How does PayPal work? Axing staff, and focusing on users’ data

The era of the data-slave advances.
2 February 2024

“Skyrim – Marketplace in Riften (Reference)” by Xenomurphy is licensed under CC BY-NC-ND 2.0.

  • How does PayPal work its stock price back up to 2022 levels?
  • Company’s new CEO announces raft of new features.
  • Hyper-personalization from its own and 3rd-party sources.

Four months into his tenure as CEO of PayPal, Alex Chriss has announced a continuation of job losses from the company. The latest round of cuts will see the company’s workforce decrease by 9%, which will result in around 2,500 redundancies. These will come from a relative freeze on new recruitment as well as from existing positions.

In an all-staff memo dated January 30 and published on the PayPal website, Chriss stated that “we must execute faster and ensure we are focused on solving our customers’ most critical needs and problems. Specifically, across our organization, we need to drive more focus and efficiency, deploy automation, and consolidate our technology to reduce complexity and duplication.”

Chriss also said that “these decisions were not easy to make,” and that consultations about job losses with staff would take place where local laws make doing so inescapable.

PayPal joins the AI bandwagon

In his first major announcement since taking up the reins at the end of September last year, the CEO showcased several new products, including a “one-click guest checkout experience,” Fastlane, which lets customers to pay for goods online without registering with the merchant. Customers with their details stored in the Fastlane service are identified at the point of purchase by email address, confirm their identity (by 2FA), and then tap once to pay [image]. According to PayPal, Fastlane can recognize 70% of guests who are purchasing from sellers’ sites.

A further feature slated for the near future is ‘Smart Receipts,’ electronic receipts emailed to shoppers that contain recommendations from the merchant they’ve just used, appropriate to their recent purchases. That means merchants can allow PayPal’s algorithm access to their SKUs’ details, enabling the AI to make ‘smart recommendations.’ Nearly half (45%) of PayPal’s customers open their email receipts after a purchase, making the medium a perfect vehicle for further commercial messages.

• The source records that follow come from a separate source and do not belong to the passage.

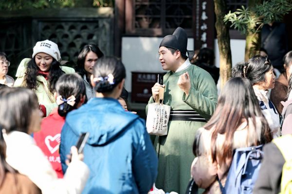 这一段段佳话和佳作,被扮演两位诗人的草堂博物馆讲解员演绎得淋漓尽致,吸引市民游客驻足观看。
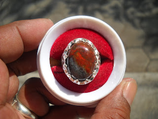 akik garut pancawarna, ikat alpaca, dimensi 21 x 16 mm. (SOLD)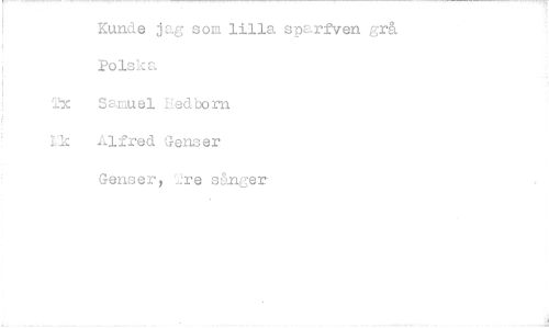 //// Kunde jag som lilla sparfeen grå. Polska //// It( Samuel Liedborn //// I-1: Alfred Genser //// Genser, sgmp:er ////

The “AI-powered suggestions” will also be based on information on a shopper’s behavior, drawn from third-party data sources, in addition to the data PayPal has access to. The same technology behind ‘Smart Receipts’ will also be used in the ‘Advanced Offers Platform,’ which will grant any merchant “the ability to reach customers based on what they have actually bought […], down to the stock keeping unit (SKU) and the individual product,” to present them with offers specific to each customer. Merchants will pay PayPal for each purchase from a customer who takes up an offer rather than for impressions or abandoned click-throughs. If shoppers don’t want the data PayPal holds on their choices to be shared with merchants, they may opt out.

PayPal’s market position

So how does PayPal work outside its core markets? It currently processes transactions for around a quarter of the world’s online transactions and has 35 million active merchant accounts. It’s worth noting that online payments tend to go through other payment processors in the four major markets of China, Japan, South Korea, and India. With a good portion of potentially fertile ground already occupied by local providers (AliPay, Paytm, Mobikwik, Rakuten, Jkopay, et al.) that are able to offer services more attuned to local cultural practices (buy-now-pay-later, cash on delivery, etc.), how does PayPal find the space – and the demand – to work its techno-commercial magic?

Simple. Not original in any sense, but simple. PayPal is looking to the trove of payment data to which it already has access from its existing users to bring value for its stockholders.

In addition to charging merchants and shoppers varying fees for the use of Paypal as a payment platform, it also gains access to an increasing amount of users’ data, including shopping patterns, preferences, and other markers, which it can amalgamate with other information available on the open data markets.

From its unique position of trust created when online payments were in their nascent phase, and its now near-ubiquity, PayPal can use the information to which it is party and monetize it, taking revenue from end-users keen to present or take up, for example, special offers. With access to highly detailed information (“down to the stock keeping unit […] and the individual product”), PayPal can present an amazingly attractive offering to the data markets.

Losing 9% of its workforce will enable the company to streamline its balance sheet in the short- to mid-term as it builds on exploiting its digital reserves. Losing staff could, therefore, be seen as part of a transition to a changing business model. That’s little solace to those clearing their desks, of course, and PayPal has also paid a short-term price: its stock value has fallen by 20% in recent months.

But investors will likely see a bounce-back in the next few years as the company settles into a more prominent role as a data broker that also happens to process online payments.